The artist Mary Beale was born in 1633 and died in 1699. She was buried at St James’s, following a career as a highly successful artist with a studio around the corner from the church on Pall Mall, which she called her ‘painting room’.

This summer there are two exhibitions highlighting Beale’s work: one at the Weiss Gallery on Jermyn Street, and the other at the Dulwich Picture Gallery titled Mary Beale: Experimental Secrets. St James’s is known as the Artists’ Church, and Mary Beale is one of the church’s many celebrated artists in our history alongside William Blake, James Gillray and Mary Delany.

Mary Beale’s portraits were popular, and she was highly financially successful and well-known in her generation as a painter whose expressiveness captured the unique qualities of each person’s character. In her self-portraits, especially the 1666 portrait at the National Portrait Gallery, she demonstrates her professional work as a painter, holding a painting of her children and featuring a palette on the wall behind her. Dressed in fashionable seventeenth-century silk, she proclaims herself as a painter of the UK’s elite as well as her friends, family, and leaders in politics and the Church. One of her most expressive portraits is of Edward Stillingfleet, who was Dean of St Paul’s Cathedral and later the Bishop of Worcester. The ran a studio that supported younger artists including at least two women, one of whom – Sarah Curtis – later became a successful professional artist in her own right. It was a family business too, and her work was assisted by her two sons and her husband Charles. His chemical experiments with Beale’s paints created new textures and finishes and allowed for a more rapid drying time, so that she could work more quickly and earn a higher income.

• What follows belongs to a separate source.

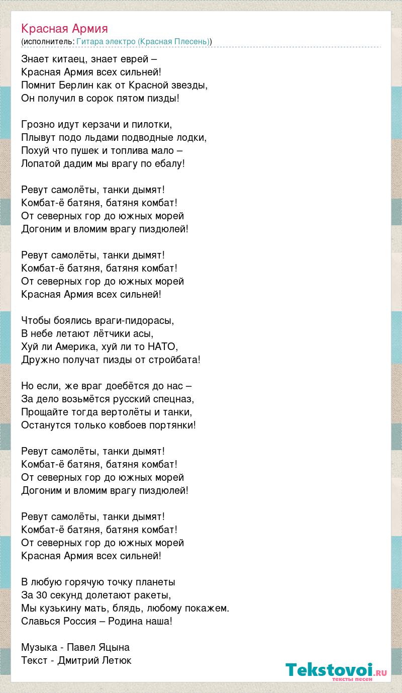 Знает китаец, знает еврей – Красная Армия всех сильней! Помнит Берлин как от Красной звезды, Он получил в сорок пятом пизды! Грозно идут керзачи и пилотки, Плывут подо льдами подводные лодки, Похуй что пушек и топлива мало – Лопатой дадим мы врагу по ебалу! Ревут самолёты, танки дымят! Комбат-ё батяня, батяня комбат! От северных гор до южных морей Догоним и вломим врагу пиздюлей! Ревут самолёты, танки дымят! Комбат-ё батяня, батяня комбат! От северных гор до южных морей Красная Армия всех сильней! Чтобы боялись враги-пидорасы, В небе летают лётчики асы, Хуй ли Америка, хуй ли то НАТО, Дружно получат пизды от стройбата! Но если, же враг доебётся до нас – За дело возьмётся русский спецназ, Прощайте тогда вертолёты и танки, Останутся только ковбоев портянки! Ревут самолёты, танки дымят! Комбат-ё батяня, батяня комбат! От северных гор до южных морей Догоним и вломим врагу пиздюлей! Ревут самолёты, танки дымят! Комбат-ё батяня, батяня комбат! От северных гор до южных морей Красная Армия всех сильней! В любую горячую точку планеты За 30 секунд долетают ракеты, Мы кузькину мать, блядь, любому покажем. Славься Россия – Родина наша! Музыка - Павел Яцына Текст - Дмитрий Летюк

At the Weiss Gallery, a portrait of Charles currently hangs in the window, attracting passersby on Jermyn Street and reminding visitors of Beale’s feminist practice: instead of the classic tradition of a male artist and a female muse, Beale and her husband reversed these roles. At Dulwich Picture Gallery, the exhibition focuses on her materials and techniques, linking art with science and technology in the seventeenth century. There is a new perspective on Beale at the recently re-opened National Portrait Gallery too. A collage of famous women in arts, culture, and society produced by Liberty Blake and Jann Howarth, titled Work in Progress includes Beale alongside Kate Adey, Sonia Boyce, Queen Elizabeth I, and many more.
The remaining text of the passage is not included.